NSA höre mein Flehen
Axel und die Verschlüsselung
Axel spinnt. Gut, das weiß zumindest sein Teehändler schon, seitdem der junge Mann im Laden die bräunliche Schlacke zum Entsorgen zurückgibt. Aber jetzt hat er wirklich einen Sprung in der Tasse, denn er behauptet steif und fest, dass der amerikanische Geheimdienst seine Emails liest. Ich halte das für Kaffeesatz-Leserei.
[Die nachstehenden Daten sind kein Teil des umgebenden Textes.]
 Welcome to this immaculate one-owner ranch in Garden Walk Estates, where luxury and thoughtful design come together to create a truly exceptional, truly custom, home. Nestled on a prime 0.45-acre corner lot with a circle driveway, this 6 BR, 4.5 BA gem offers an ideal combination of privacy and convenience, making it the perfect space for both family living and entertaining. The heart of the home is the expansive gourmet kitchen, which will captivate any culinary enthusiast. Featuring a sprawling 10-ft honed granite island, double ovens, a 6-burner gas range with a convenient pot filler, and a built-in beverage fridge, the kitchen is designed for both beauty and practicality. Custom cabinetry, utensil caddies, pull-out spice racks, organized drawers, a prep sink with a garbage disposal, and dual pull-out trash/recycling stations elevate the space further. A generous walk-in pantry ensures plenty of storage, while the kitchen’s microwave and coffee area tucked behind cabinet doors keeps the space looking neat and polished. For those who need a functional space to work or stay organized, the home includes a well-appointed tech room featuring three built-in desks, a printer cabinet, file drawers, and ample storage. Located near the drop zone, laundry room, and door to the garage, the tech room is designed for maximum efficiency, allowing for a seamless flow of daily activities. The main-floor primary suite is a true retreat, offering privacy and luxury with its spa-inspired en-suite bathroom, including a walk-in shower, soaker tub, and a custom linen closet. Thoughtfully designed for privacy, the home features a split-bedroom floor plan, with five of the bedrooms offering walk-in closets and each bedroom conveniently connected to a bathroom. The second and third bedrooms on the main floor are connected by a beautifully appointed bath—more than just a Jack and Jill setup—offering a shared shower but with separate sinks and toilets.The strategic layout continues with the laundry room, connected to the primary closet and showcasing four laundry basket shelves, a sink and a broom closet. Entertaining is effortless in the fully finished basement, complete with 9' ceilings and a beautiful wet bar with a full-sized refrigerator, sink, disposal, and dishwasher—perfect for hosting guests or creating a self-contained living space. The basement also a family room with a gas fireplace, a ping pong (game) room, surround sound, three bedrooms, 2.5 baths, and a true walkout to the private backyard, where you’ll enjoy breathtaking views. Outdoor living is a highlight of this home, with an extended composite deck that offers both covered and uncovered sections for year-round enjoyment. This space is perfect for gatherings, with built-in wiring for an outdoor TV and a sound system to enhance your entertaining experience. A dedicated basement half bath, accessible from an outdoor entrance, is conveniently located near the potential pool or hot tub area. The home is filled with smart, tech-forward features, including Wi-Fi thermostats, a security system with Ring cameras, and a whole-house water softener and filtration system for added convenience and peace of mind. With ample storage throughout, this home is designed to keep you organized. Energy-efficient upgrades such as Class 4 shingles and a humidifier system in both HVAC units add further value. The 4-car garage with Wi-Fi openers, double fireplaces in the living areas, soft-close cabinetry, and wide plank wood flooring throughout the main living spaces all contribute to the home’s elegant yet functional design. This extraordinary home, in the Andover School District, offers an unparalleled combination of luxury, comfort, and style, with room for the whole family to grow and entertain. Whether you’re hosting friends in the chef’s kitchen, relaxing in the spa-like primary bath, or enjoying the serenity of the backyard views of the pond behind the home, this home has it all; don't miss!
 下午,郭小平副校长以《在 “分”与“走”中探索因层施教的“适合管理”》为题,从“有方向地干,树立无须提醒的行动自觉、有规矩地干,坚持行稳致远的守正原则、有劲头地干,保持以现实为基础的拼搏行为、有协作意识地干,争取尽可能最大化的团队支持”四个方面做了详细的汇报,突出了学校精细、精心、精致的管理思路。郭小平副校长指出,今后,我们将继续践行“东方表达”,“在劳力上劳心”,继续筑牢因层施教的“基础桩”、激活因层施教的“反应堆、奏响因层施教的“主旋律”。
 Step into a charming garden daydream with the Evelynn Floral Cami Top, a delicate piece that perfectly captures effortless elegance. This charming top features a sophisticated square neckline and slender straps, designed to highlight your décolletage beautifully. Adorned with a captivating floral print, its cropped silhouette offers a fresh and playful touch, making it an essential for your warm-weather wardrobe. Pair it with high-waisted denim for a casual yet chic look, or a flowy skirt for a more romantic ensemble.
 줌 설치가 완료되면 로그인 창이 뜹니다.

Ich pflege nämlich abends ein gutes Buch zu lesen, das mich entspannt, mir die Mühsal des Tages ein wenig vom Leib hält und mir parziell das Gefühl gibt, geliebt zu werden. Das habe ich mir verdient, schließlich halte ich Erika, meine Freundin, dem Rest der Menschheit von der Pelle. Nicht dass mir das von irgendjemandem gedankt werden müsste. Von Erika sowieso nicht, die sich immer beklagt, wir würden zu wenig unter die Menschen gehen. Der kleine Scherz "Was will ich denn in der Kanalisation" zündete zuerst gar nicht und brachte mir dann eine Portion Kartoffelmus heiß im Gesicht ein.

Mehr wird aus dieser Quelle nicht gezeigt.